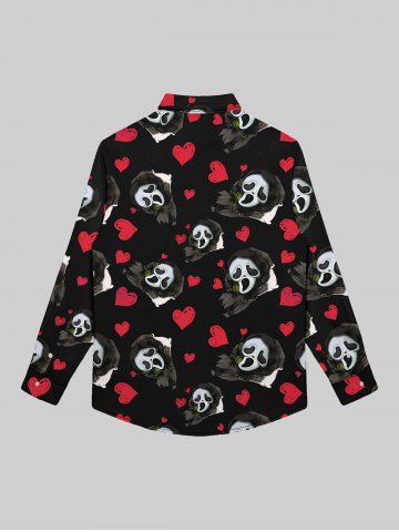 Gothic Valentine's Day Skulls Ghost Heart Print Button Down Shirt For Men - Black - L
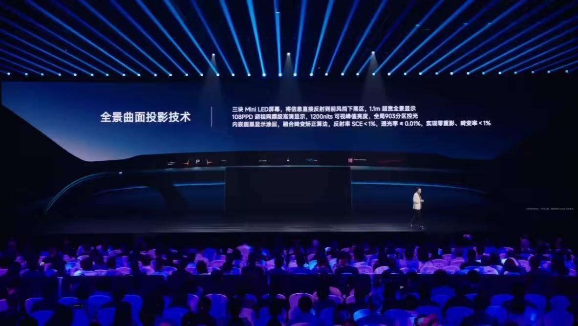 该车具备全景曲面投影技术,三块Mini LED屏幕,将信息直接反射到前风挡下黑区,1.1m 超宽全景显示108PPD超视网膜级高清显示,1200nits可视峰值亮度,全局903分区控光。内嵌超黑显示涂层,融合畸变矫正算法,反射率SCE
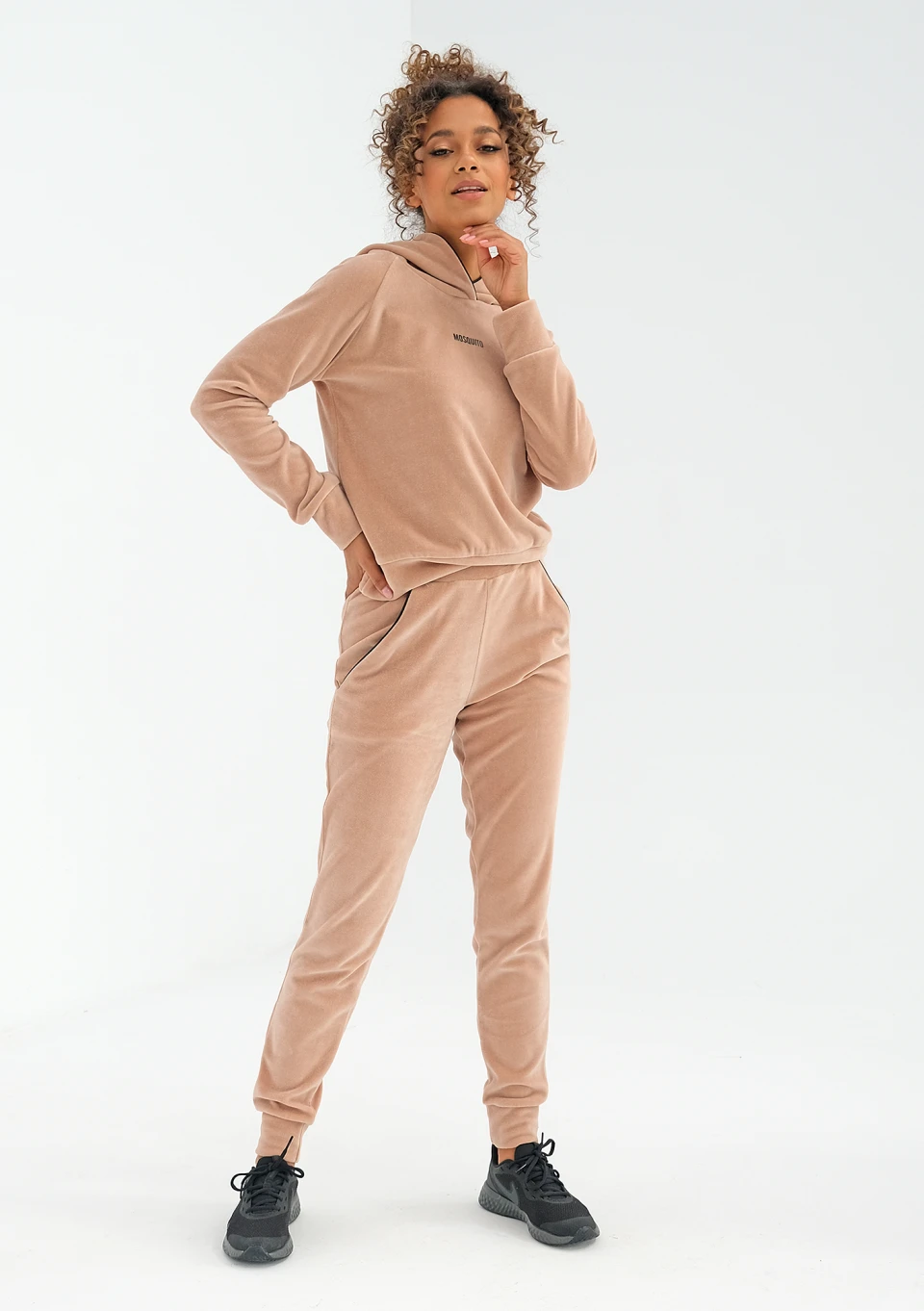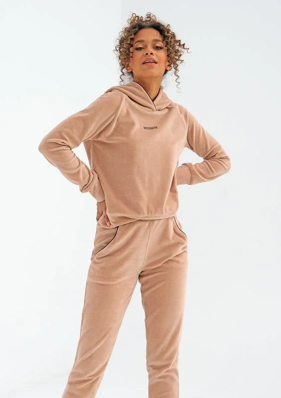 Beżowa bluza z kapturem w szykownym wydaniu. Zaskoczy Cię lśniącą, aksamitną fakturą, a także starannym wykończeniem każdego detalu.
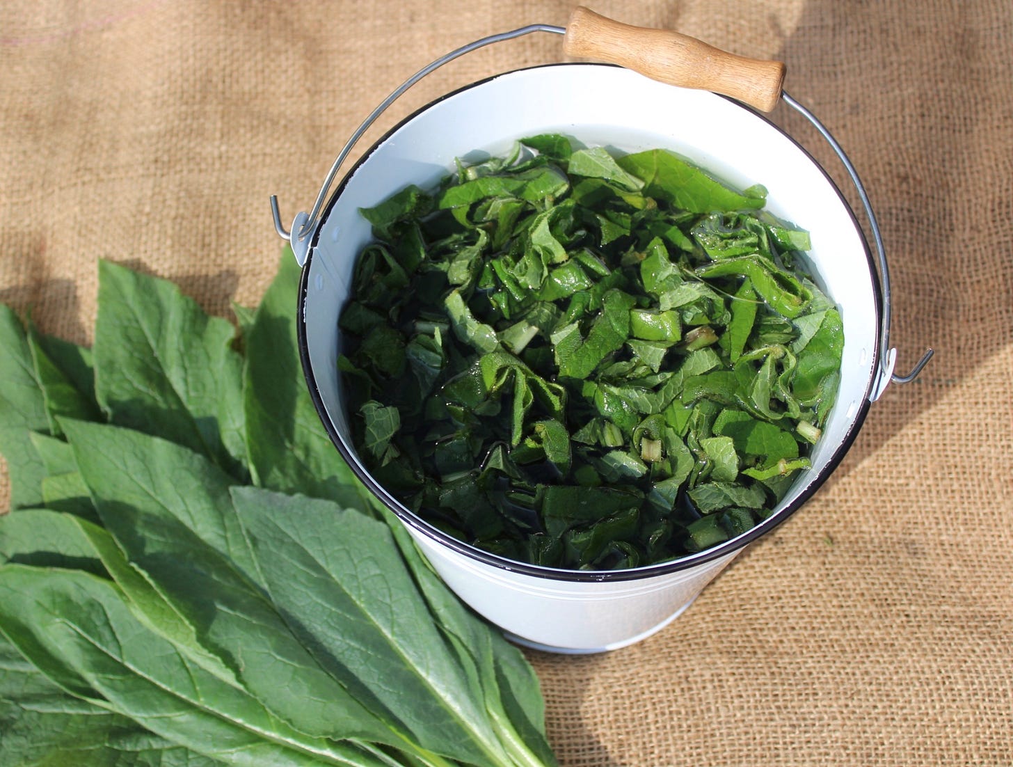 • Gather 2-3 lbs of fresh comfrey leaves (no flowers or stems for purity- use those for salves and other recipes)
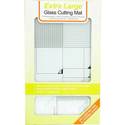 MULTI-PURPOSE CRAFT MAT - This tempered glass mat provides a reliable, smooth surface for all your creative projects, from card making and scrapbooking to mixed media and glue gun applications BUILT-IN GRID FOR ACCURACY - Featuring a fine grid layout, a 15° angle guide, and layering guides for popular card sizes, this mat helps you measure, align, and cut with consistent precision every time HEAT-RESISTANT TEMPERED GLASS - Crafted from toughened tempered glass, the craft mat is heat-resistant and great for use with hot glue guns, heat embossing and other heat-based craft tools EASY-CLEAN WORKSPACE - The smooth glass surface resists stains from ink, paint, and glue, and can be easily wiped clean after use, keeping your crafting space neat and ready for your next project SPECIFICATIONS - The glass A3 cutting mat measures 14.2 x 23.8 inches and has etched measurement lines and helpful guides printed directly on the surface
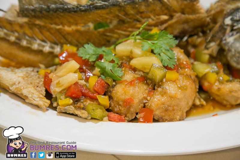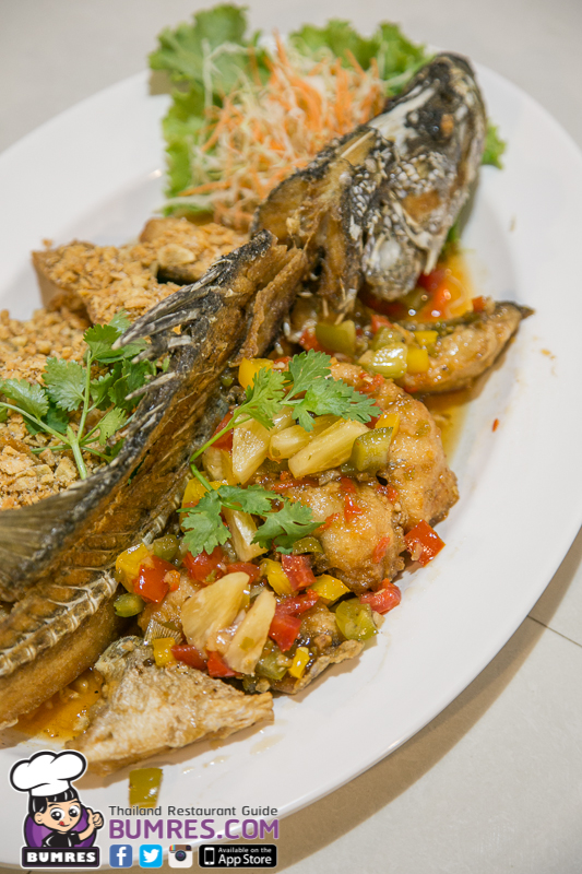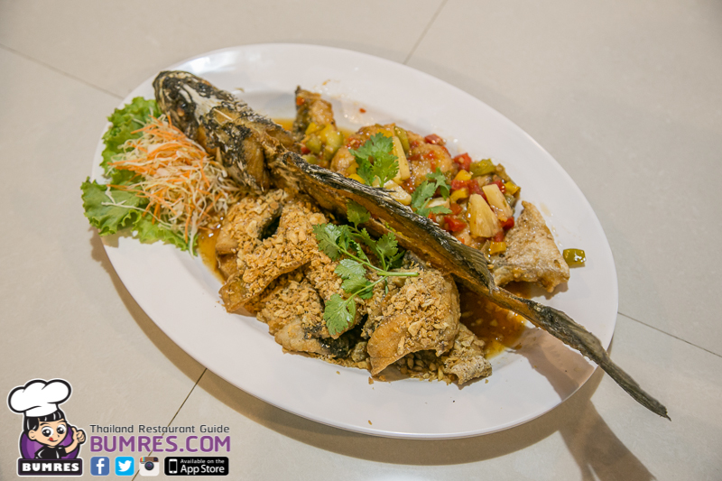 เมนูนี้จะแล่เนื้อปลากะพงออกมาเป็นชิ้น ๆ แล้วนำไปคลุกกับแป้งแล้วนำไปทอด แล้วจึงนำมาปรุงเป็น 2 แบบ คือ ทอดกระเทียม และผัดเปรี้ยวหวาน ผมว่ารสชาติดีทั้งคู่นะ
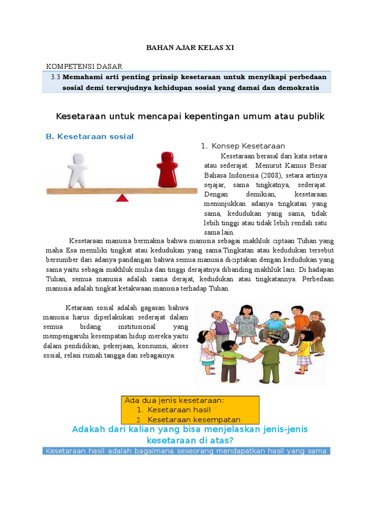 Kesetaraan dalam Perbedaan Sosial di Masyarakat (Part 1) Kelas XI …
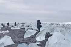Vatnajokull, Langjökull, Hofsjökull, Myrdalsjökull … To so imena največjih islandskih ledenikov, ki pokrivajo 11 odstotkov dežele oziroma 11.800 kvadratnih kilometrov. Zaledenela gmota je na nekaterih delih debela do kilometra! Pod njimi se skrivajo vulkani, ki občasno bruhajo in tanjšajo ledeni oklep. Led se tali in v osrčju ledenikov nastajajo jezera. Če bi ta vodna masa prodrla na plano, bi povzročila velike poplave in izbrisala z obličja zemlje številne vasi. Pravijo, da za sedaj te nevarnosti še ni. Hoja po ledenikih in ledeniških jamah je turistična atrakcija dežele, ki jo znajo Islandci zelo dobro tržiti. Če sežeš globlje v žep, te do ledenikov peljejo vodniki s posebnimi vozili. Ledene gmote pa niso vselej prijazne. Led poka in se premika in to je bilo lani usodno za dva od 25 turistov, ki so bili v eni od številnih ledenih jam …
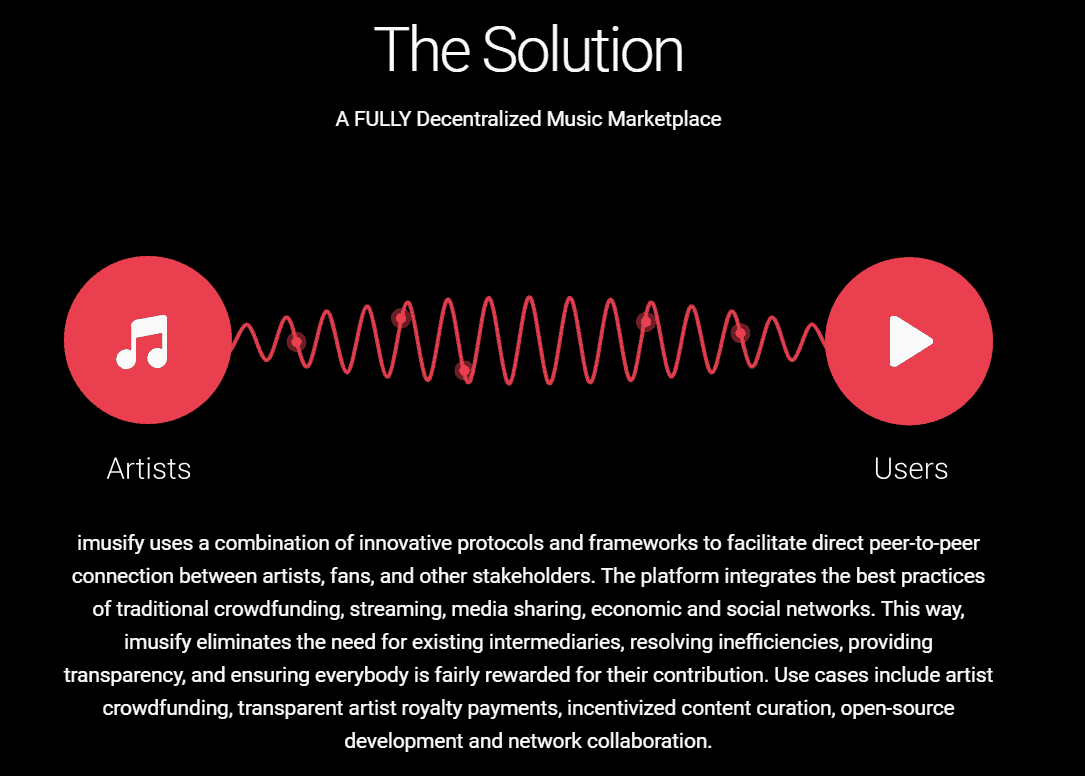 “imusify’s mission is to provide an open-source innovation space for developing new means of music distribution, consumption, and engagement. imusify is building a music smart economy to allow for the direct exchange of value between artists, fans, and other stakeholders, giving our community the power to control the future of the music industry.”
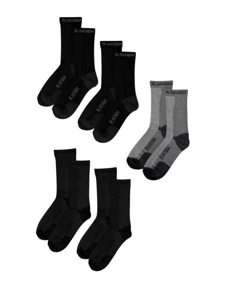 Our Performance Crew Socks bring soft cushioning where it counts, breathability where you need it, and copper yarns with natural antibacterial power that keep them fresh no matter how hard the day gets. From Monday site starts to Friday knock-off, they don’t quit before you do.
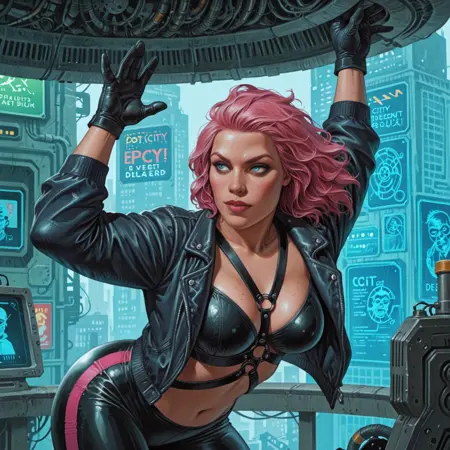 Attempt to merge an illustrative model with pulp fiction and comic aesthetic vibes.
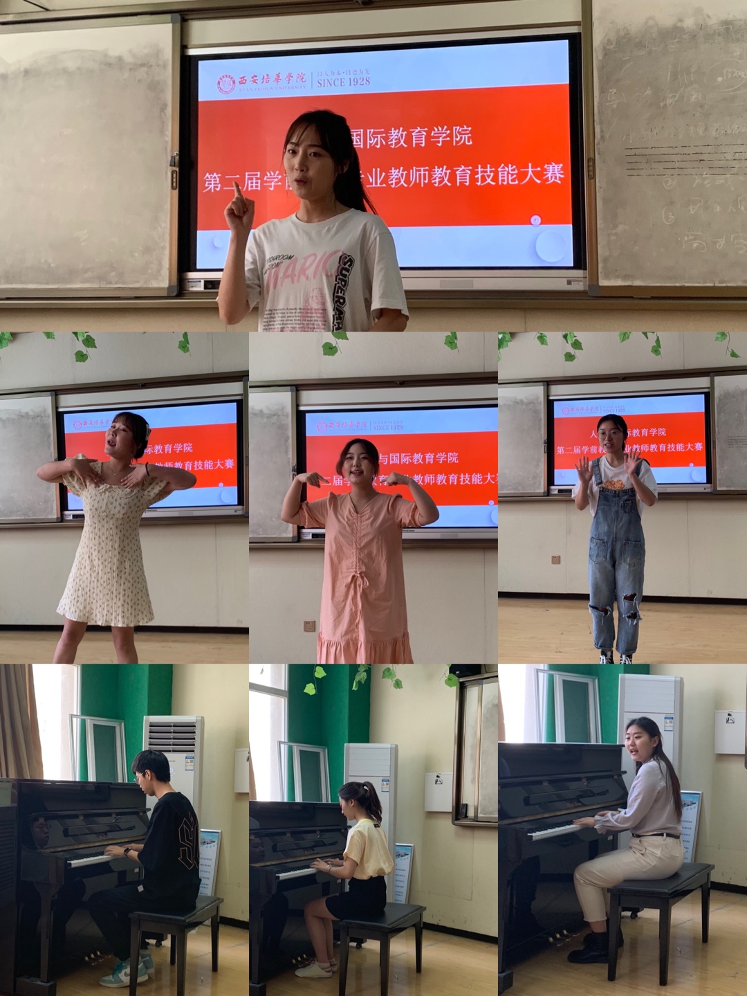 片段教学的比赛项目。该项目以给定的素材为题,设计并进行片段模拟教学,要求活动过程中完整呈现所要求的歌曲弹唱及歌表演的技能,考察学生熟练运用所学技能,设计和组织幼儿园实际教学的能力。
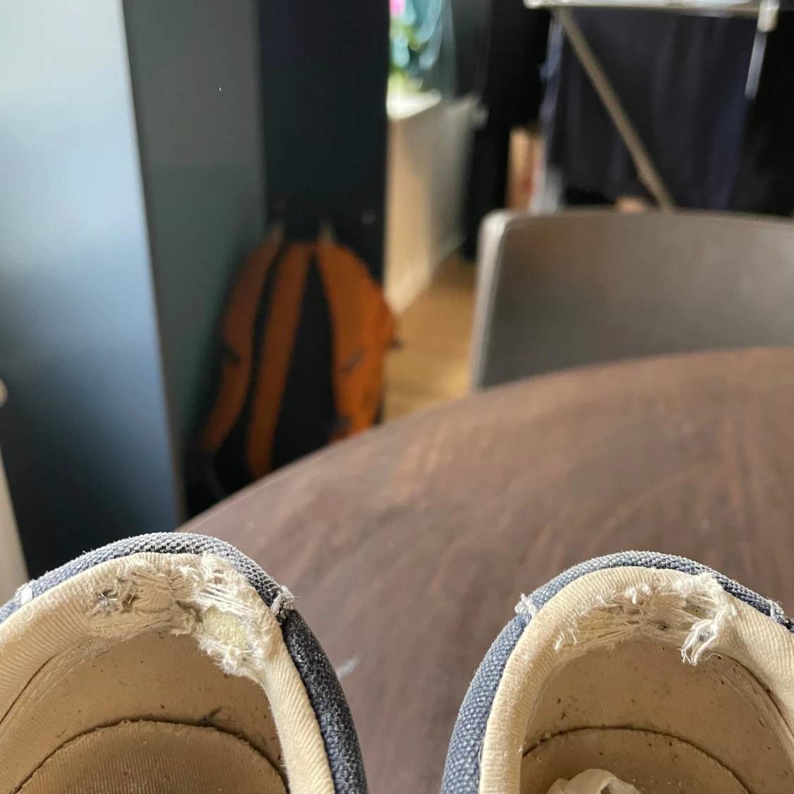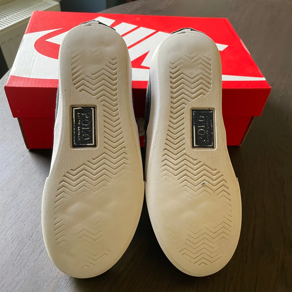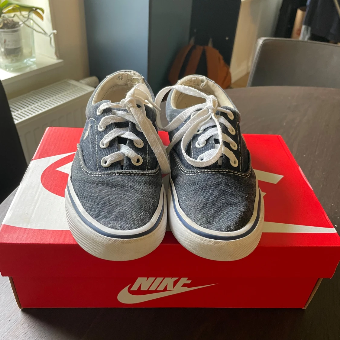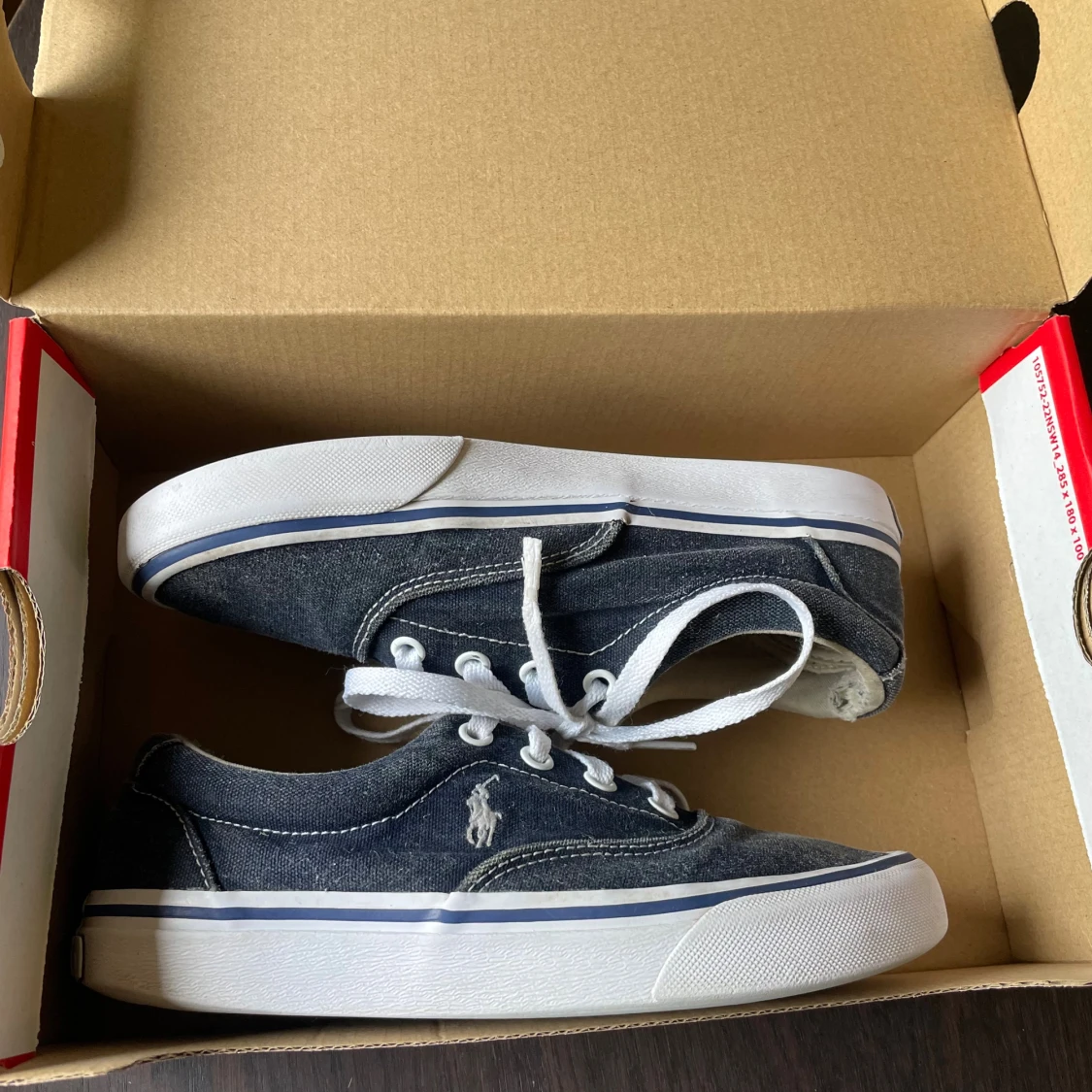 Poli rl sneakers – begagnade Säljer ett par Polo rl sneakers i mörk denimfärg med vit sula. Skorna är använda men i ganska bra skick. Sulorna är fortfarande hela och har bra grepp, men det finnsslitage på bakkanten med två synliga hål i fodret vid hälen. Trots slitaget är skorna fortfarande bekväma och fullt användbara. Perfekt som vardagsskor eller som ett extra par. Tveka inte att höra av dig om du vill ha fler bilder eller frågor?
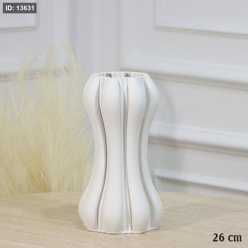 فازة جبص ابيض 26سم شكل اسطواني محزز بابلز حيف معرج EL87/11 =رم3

_Exercise details:_ Leaving the images behind, set down every entry word for word.

_Task response:_
 Gothic Valentine's Day Skulls Ghost Heart Print Button Down Shirt For Men - Black - L
 该车具备全景曲面投影技术,三块Mini LED屏幕,将信息直接反射到前风挡下黑区,1.1m 超宽全景显示108PPD超视网膜级高清显示,1200nits可视峰值亮度,全局903分区控光。内嵌超黑显示涂层,融合畸变矫正算法,反射率SCE
 Beżowa bluza z kapturem w szykownym wydaniu. Zaskoczy Cię lśniącą, aksamitną fakturą, a także starannym wykończeniem każdego detalu.
 • Gather 2-3 lbs of fresh comfrey leaves (no flowers or stems for purity- use those for salves and other recipes)
 MULTI-PURPOSE CRAFT MAT - This tempered glass mat provides a reliable, smooth surface for all your creative projects, from card making and scrapbooking to mixed media and glue gun applications BUILT-IN GRID FOR ACCURACY - Featuring a fine grid layout, a 15° angle guide, and layering guides for popular card sizes, this mat helps you measure, align, and cut with consistent precision every time HEAT-RESISTANT TEMPERED GLASS - Crafted from toughened tempered glass, the craft mat is heat-resistant and great for use with hot glue guns, heat embossing and other heat-based craft tools EASY-CLEAN WORKSPACE - The smooth glass surface resists stains from ink, paint, and glue, and can be easily wiped clean after use, keeping your crafting space neat and ready for your next project SPECIFICATIONS - The glass A3 cutting mat measures 14.2 x 23.8 inches and has etched measurement lines and helpful guides printed directly on the surface
 เมนูนี้จะแล่เนื้อปลากะพงออกมาเป็นชิ้น ๆ แล้วนำไปคลุกกับแป้งแล้วนำไปทอด แล้วจึงนำมาปรุงเป็น 2 แบบ คือ ทอดกระเทียม และผัดเปรี้ยวหวาน ผมว่ารสชาติดีทั้งคู่นะ
 Kesetaraan dalam Perbedaan Sosial di Masyarakat (Part 1) Kelas XI …
Vatnajokull, Langjökull, Hofsjökull, Myrdalsjökull … To so imena največjih islandskih ledenikov, ki pokrivajo 11 odstotkov dežele oziroma 11.800 kvadratnih kilometrov. Zaledenela gmota je na nekaterih delih debela do kilometra! Pod njimi se skrivajo vulkani, ki občasno bruhajo in tanjšajo ledeni oklep. Led se tali in v osrčju ledenikov nastajajo jezera. Če bi ta vodna masa prodrla na plano, bi povzročila velike poplave in izbrisala z obličja zemlje številne vasi. Pravijo, da za sedaj te nevarnosti še ni. Hoja po ledenikih in ledeniških jamah je turistična atrakcija dežele, ki jo znajo Islandci zelo dobro tržiti. Če sežeš globlje v žep, te do ledenikov peljejo vodniki s posebnimi vozili. Ledene gmote pa niso vselej prijazne. Led poka in se premika in to je bilo lani usodno za dva od 25 turistov, ki so bili v eni od številnih ledenih jam …
 “imusify’s mission is to provide an open-source innovation space for developing new means of music distribution, consumption, and engagement. imusify is building a music smart economy to allow for the direct exchange of value between artists, fans, and other stakeholders, giving our community the power to control the future of the music industry.”
 Our Performance Crew Socks bring soft cushioning where it counts, breathability where you need it, and copper yarns with natural antibacterial power that keep them fresh no matter how hard the day gets. From Monday site starts to Friday knock-off, they don’t quit before you do.
 Attempt to merge an illustrative model with pulp fiction and comic aesthetic vibes.
 片段教学的比赛项目。该项目以给定的素材为题,设计并进行片段模拟教学,要求活动过程中完整呈现所要求的歌曲弹唱及歌表演的技能,考察学生熟练运用所学技能,设计和组织幼儿园实际教学的能力。
 Poli rl sneakers – begagnade Säljer ett par Polo rl sneakers i mörk denimfärg med vit sula. Skorna är använda men i ganska bra skick. Sulorna är fortfarande hela och har bra grepp, men det finnsslitage på bakkanten med två synliga hål i fodret vid hälen. Trots slitaget är skorna fortfarande bekväma och fullt användbara. Perfekt som vardagsskor eller som ett extra par. Tveka inte att höra av dig om du vill ha fler bilder eller frågor?
 فازة جبص ابيض 26سم شكل اسطواني محزز بابلز حيف معرج EL87/11 =رم3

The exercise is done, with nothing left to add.